Methods: Dextroamphetamine sulfate extended release capsules were administered to 50 patients with unexplained chronic fatigue (thyroid, adrenal, infectious and autoimmune etiologies excluded). The dosage could be increased on a monthly basis to a maximum of 60mg/day. Six months following the final dosage the patients answered a questionnaire: fatigue – 1) worse, 2) stable but no better, 3) slightly better, 4) moderately better, 5) markedly better.
Results: Forty-eight of 50 patients (96%) stated markedly better and 2 patients moderately better.

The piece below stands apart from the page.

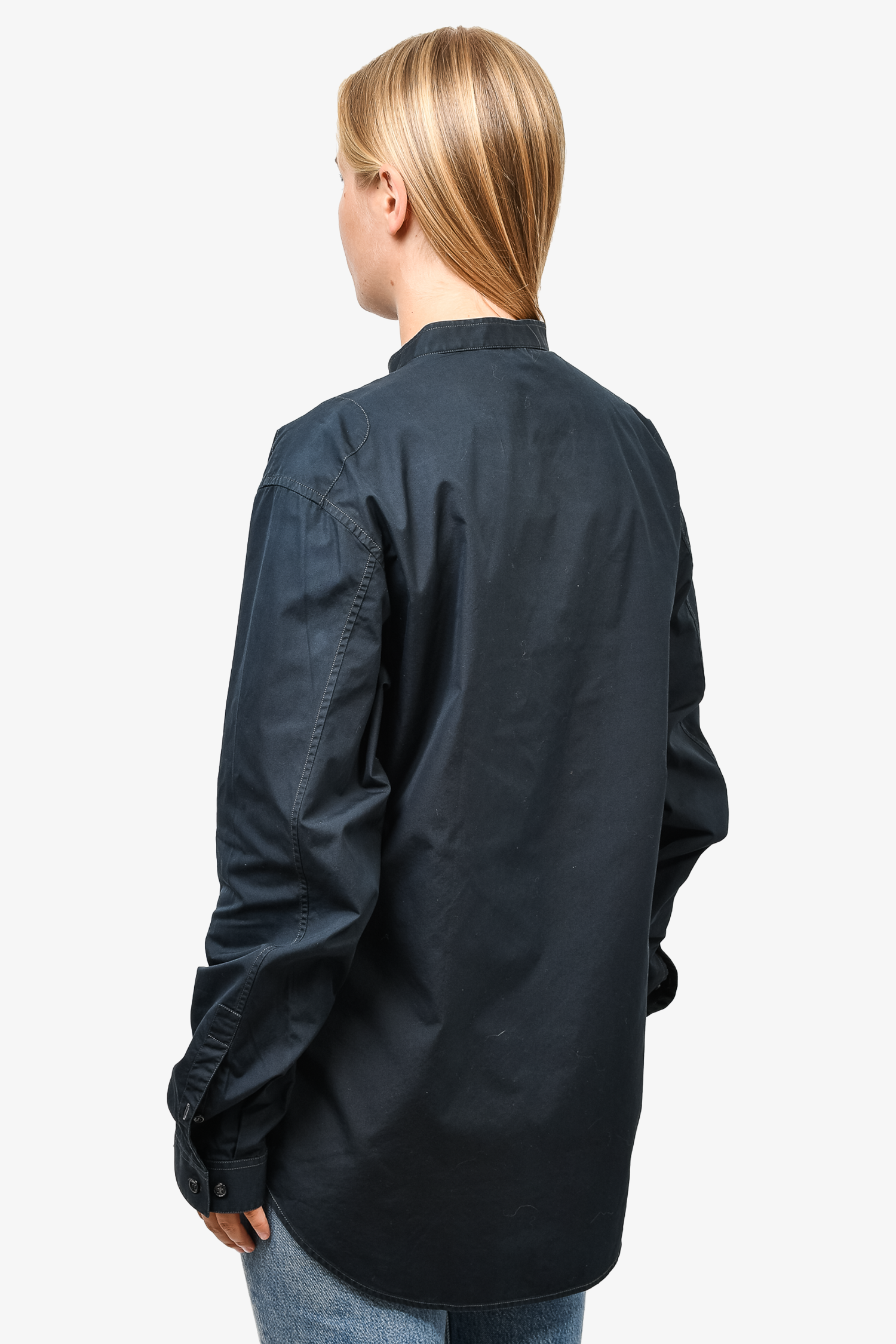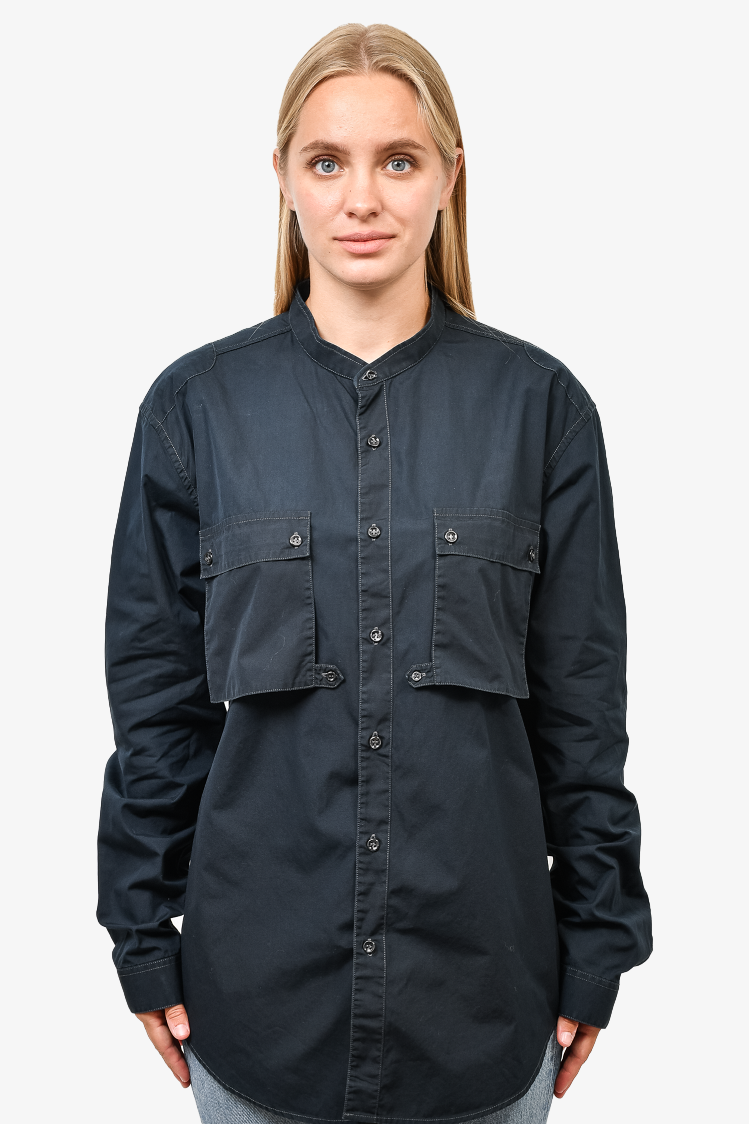Refresh availabilityYves Saint Laurent Black Utility Dress Shirt With Mandarin Collar. Front button-up closure. Tonal stitching.
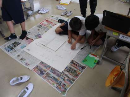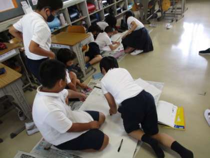 大阪府のことについて調べたことを,グループごとにまとめています。このまとめたものを使って,発表もします。どんな発表になるか楽しみです。

Conclusions: Dextroamphetamine sulfate not only improves the chronic fatigue for patients with cancer and multiple sclerosis, but also very effective relieves chronic fatigue in otherwise physically normal patients. Thus, this study will hopefully encourage palliative care specialists to consider this treatment for chronic fatigue for other debilitating conditions besides cancer and multiple sclerosis. Furthermore, through approved for chronic fatigue for cancer patients, the drug is likely underutilized by palliative care specialists for patients with cancer. Hopefully this study will generate more interest in treating patients with cancer with dextroamphetamine sulfate. The mechanism is likely related to stimulating the release of dopamine from sympathetic nerve fibers. Dopamine decreases cellular permeability and it has been hypothesized that chemicals permeating into mitochondria may cause dysfunction of the mitochondria in muscles leading to fatigue.